# Safety Patterns for Agent Operations

This document defines the safety conventions that all KubeBlocks skills should follow. When writing or updating a skill, reference this document instead of duplicating the rules.

## 1. Dry-Run Before Apply

Every `kubectl apply` of a Cluster, OpsRequest, Backup, or any other KubeBlocks CR should be preceded by a server-side dry-run. This catches RBAC issues, webhook rejections, quota violations, and schema errors before any real change occurs.

```bash
kubectl apply -f <yaml-file-or-stdin> --dry-run=server
```

If the dry-run reports errors, fix the YAML before proceeding. Only after a clean dry-run should the agent run the actual `kubectl apply`.

For `kubectl delete`, dry-run is not applicable — use the pre-deletion checklist instead (see section 3).

## 2. Status Confirmation After Apply

After applying a change, confirm the operation reached its expected end-state. Use `kubectl get <resource> -w` to watch status transitions.

Each watch step should have three things clearly defined:

- **Success condition**: the specific `.status.phase` value that means "done"
- **Typical duration**: how long this normally takes
- **Timeout threshold**: how long to wait before suspecting a problem and running `kubectl describe`

### Status Condition Quick Reference

| Resource | Success Condition | Typical Duration | Timeout / Investigate After |
|---|---|---|---|
| Cluster (create/restore) | `.status.phase` = `Running` | 1-5 min | 10 min |
| Cluster (stop) | `.status.phase` = `Stopped` | 1-3 min | 5 min |
| Cluster (start/restart) | `.status.phase` = `Running` | 1-3 min | 5 min |
| OpsRequest (general) | `.status.phase` = `Succeed` | 1-5 min | 10 min |
| OpsRequest (reconfigure, static params) | `.status.phase` = `Succeed` (may pass through `Restarting`) | 2-8 min | 15 min |
| Backup (full) | `.status.phase` = `Completed` | Varies by data size | 30 min |
| Backup (continuous) | `.status.phase` = `Running` (stays running) | 1 min to start | 5 min |

### When Timeout Is Reached

If the resource has not reached its success condition within the timeout threshold:

```bash
# For Cluster
kubectl describe cluster <name> -n <ns>
kubectl get events -n <ns> --sort-by='.lastTimestamp' | grep <name>

# For OpsRequest
kubectl describe ops <name> -n <ns>

# For Backup
kubectl describe backup <name> -n <ns>

# For Pods
kubectl describe pod <pod-name> -n <ns>
kubectl logs <pod-name> -n <ns> --tail=50
```

Report the findings to the user rather than continuing blindly.

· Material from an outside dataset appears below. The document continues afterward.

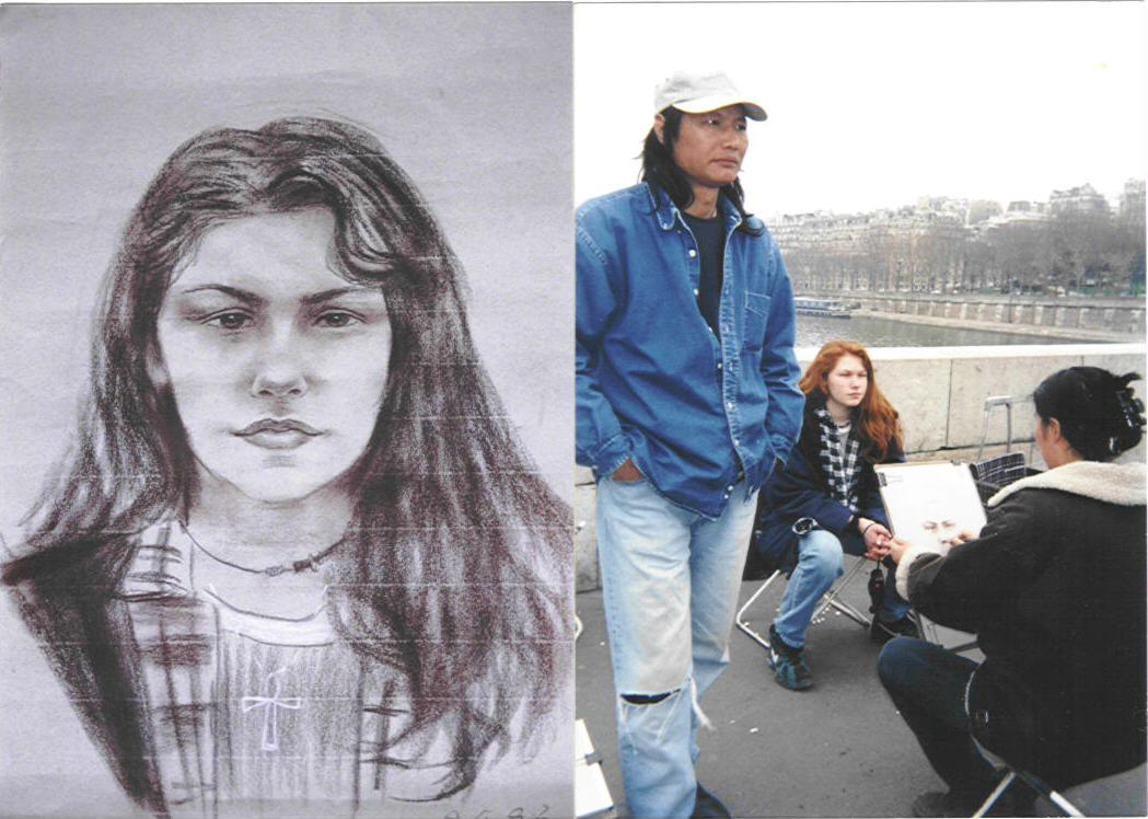 Getting my portrait done on the river Seine... to my right is the Eiffel Tower!

## 3. Pre-Deletion Checklist

Before deleting any cluster, list what will be affected and get explicit confirmation from the user:

1. Show the cluster's `terminationPolicy`:
   ```bash
   kubectl get cluster <name> -n <ns> -o jsonpath='{.spec.terminationPolicy}'
   ```
2. If `WipeOut`, warn that backups will also be deleted
3. List existing backups:
   ```bash
   kubectl get backup -n <ns> -l app.kubernetes.io/instance=<name>
   ```
4. List running OpsRequests (must be cancelled first):
   ```bash
   kubectl get opsrequest -n <ns> -l app.kubernetes.io/instance=<name>
   ```
5. Ask the user to confirm before proceeding

## 4. Production Cluster Protection

If a cluster has `terminationPolicy: DoNotTerminate`, treat it as a production cluster:

- **Any destructive operation** (delete, scale-in, stop) should trigger a warning and explicit confirmation
- **Changing terminationPolicy** requires the agent to explain the implications before patching
- Recommend creating a backup before any risky operation (switchover, upgrade, reconfigure)

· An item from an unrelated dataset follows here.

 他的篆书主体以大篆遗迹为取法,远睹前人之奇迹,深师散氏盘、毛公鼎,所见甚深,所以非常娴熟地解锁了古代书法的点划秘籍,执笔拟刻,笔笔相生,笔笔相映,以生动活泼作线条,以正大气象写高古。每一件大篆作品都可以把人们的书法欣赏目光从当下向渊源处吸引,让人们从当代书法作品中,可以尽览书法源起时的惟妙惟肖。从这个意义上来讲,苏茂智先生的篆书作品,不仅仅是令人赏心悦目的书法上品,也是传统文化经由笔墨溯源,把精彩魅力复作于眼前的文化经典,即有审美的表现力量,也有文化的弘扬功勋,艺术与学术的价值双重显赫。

## 5. Pre-Check Before Day-2 Operations

Before executing any Day-2 operation, verify the cluster is in a healthy state:

```bash
# Cluster must be Running (not Updating, Creating, or Stopped)
kubectl get cluster <name> -n <ns> -o jsonpath='{.status.phase}'

# No pending OpsRequests (only one OpsRequest can run at a time)
kubectl get opsrequest -n <ns> -l app.kubernetes.io/instance=<name> --field-selector=status.phase!=Succeed
```

If the cluster is not `Running` or has a pending OpsRequest, inform the user and wait rather than stacking operations.